=== Section Start ===

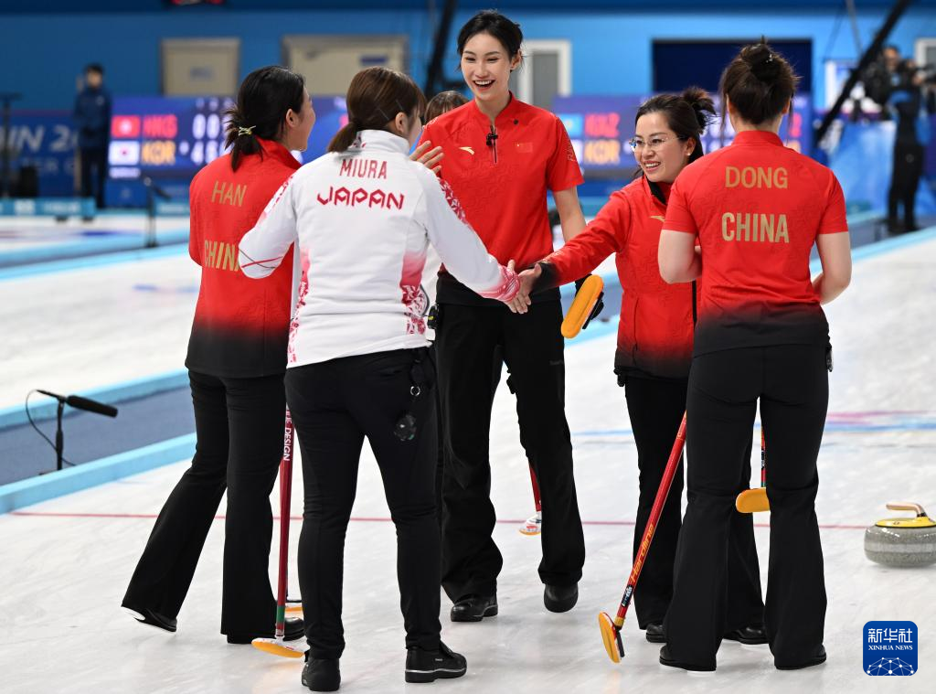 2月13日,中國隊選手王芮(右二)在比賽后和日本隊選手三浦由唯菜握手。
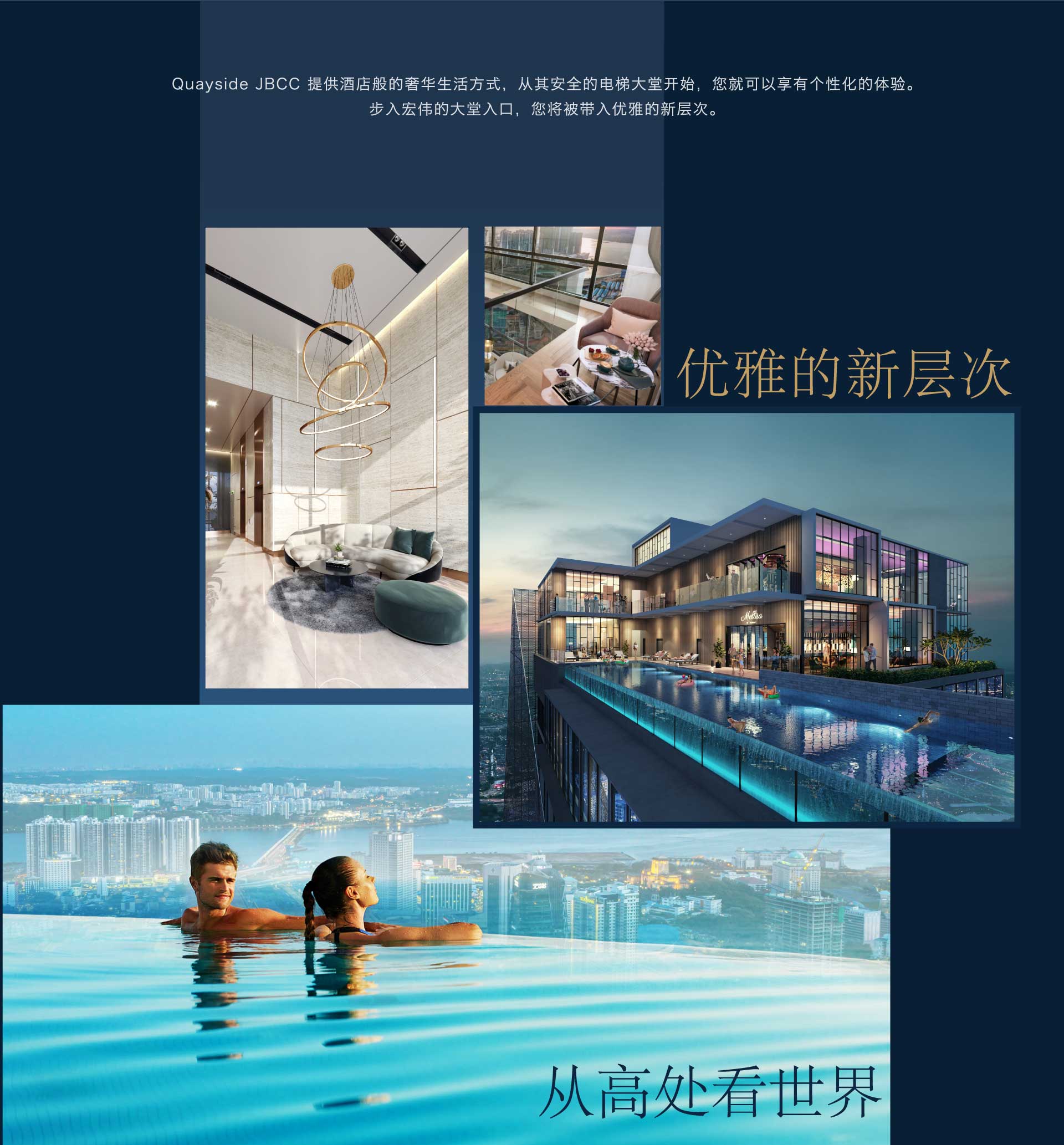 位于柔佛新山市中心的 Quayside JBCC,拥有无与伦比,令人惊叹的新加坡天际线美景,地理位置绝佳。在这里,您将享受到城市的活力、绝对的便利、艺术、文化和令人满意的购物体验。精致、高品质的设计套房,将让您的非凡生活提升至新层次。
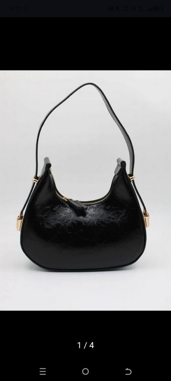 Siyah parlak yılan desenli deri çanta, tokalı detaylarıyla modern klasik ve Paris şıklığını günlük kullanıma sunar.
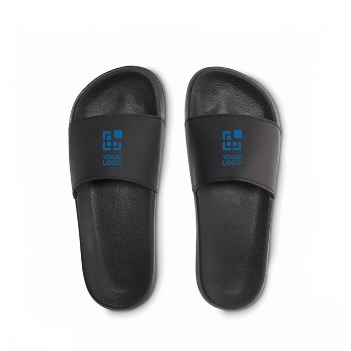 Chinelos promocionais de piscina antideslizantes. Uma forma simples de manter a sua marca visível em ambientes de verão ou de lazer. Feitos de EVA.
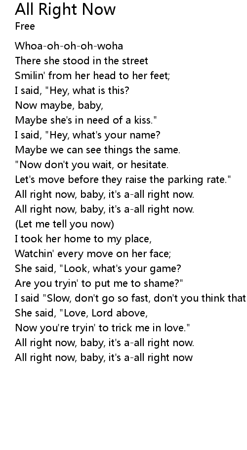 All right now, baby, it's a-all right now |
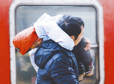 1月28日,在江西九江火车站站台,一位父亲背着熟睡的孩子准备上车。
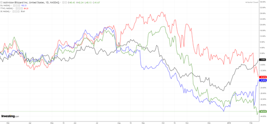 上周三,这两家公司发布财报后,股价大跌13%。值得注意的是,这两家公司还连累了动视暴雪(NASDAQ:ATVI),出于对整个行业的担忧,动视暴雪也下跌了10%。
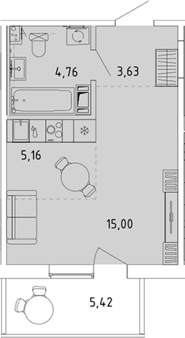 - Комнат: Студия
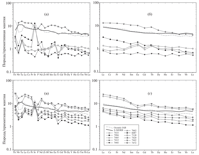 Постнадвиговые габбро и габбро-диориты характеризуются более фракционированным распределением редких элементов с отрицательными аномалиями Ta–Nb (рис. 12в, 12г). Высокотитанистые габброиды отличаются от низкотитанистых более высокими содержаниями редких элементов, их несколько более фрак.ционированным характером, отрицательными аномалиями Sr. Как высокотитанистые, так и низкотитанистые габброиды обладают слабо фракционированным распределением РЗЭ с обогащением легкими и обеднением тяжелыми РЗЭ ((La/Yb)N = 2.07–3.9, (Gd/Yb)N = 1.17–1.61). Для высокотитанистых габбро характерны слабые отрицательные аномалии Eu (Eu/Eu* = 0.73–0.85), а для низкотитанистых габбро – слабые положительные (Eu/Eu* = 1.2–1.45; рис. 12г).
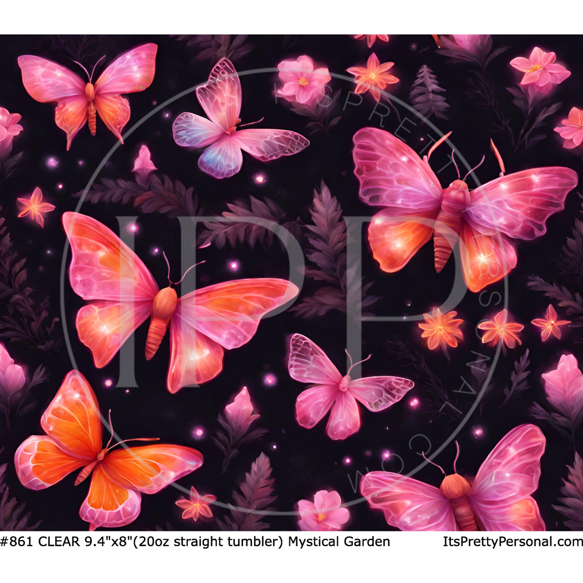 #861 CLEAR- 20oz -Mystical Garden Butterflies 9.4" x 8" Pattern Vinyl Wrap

=== Section End ===
=== Section Start ===

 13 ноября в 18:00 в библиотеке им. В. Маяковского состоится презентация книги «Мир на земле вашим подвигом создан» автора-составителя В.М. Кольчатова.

=== Section End ===
=== Section Start ===

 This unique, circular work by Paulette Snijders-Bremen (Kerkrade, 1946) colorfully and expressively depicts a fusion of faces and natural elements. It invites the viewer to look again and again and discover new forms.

=== Section End ===

→ **TASK TO CARRY OUT**
Please set down, exactly and with no pictures, the lines in the entries above starting at the one holding "2月13日,中國隊選手王芮(右二)在比賽后和日本隊選手三浦由唯菜握手。" and ending at the one holding "#861 CLEAR- 20oz", ends included.

→ **ANSWER SPACE**
 2月13日,中國隊選手王芮(右二)在比賽后和日本隊選手三浦由唯菜握手。
 位于柔佛新山市中心的 Quayside JBCC,拥有无与伦比,令人惊叹的新加坡天际线美景,地理位置绝佳。在这里,您将享受到城市的活力、绝对的便利、艺术、文化和令人满意的购物体验。精致、高品质的设计套房,将让您的非凡生活提升至新层次。
 Siyah parlak yılan desenli deri çanta, tokalı detaylarıyla modern klasik ve Paris şıklığını günlük kullanıma sunar.
 Chinelos promocionais de piscina antideslizantes. Uma forma simples de manter a sua marca visível em ambientes de verão ou de lazer. Feitos de EVA.
 All right now, baby, it's a-all right now |
 1月28日,在江西九江火车站站台,一位父亲背着熟睡的孩子准备上车。
 上周三,这两家公司发布财报后,股价大跌13%。值得注意的是,这两家公司还连累了动视暴雪(NASDAQ:ATVI),出于对整个行业的担忧,动视暴雪也下跌了10%。
 - Комнат: Студия
 Постнадвиговые габбро и габбро-диориты характеризуются более фракционированным распределением редких элементов с отрицательными аномалиями Ta–Nb (рис. 12в, 12г). Высокотитанистые габброиды отличаются от низкотитанистых более высокими содержаниями редких элементов, их несколько более фрак.ционированным характером, отрицательными аномалиями Sr. Как высокотитанистые, так и низкотитанистые габброиды обладают слабо фракционированным распределением РЗЭ с обогащением легкими и обеднением тяжелыми РЗЭ ((La/Yb)N = 2.07–3.9, (Gd/Yb)N = 1.17–1.61). Для высокотитанистых габбро характерны слабые отрицательные аномалии Eu (Eu/Eu* = 0.73–0.85), а для низкотитанистых габбро – слабые положительные (Eu/Eu* = 1.2–1.45; рис. 12г).
 #861 CLEAR- 20oz -Mystical Garden Butterflies 9.4" x 8" Pattern Vinyl Wrap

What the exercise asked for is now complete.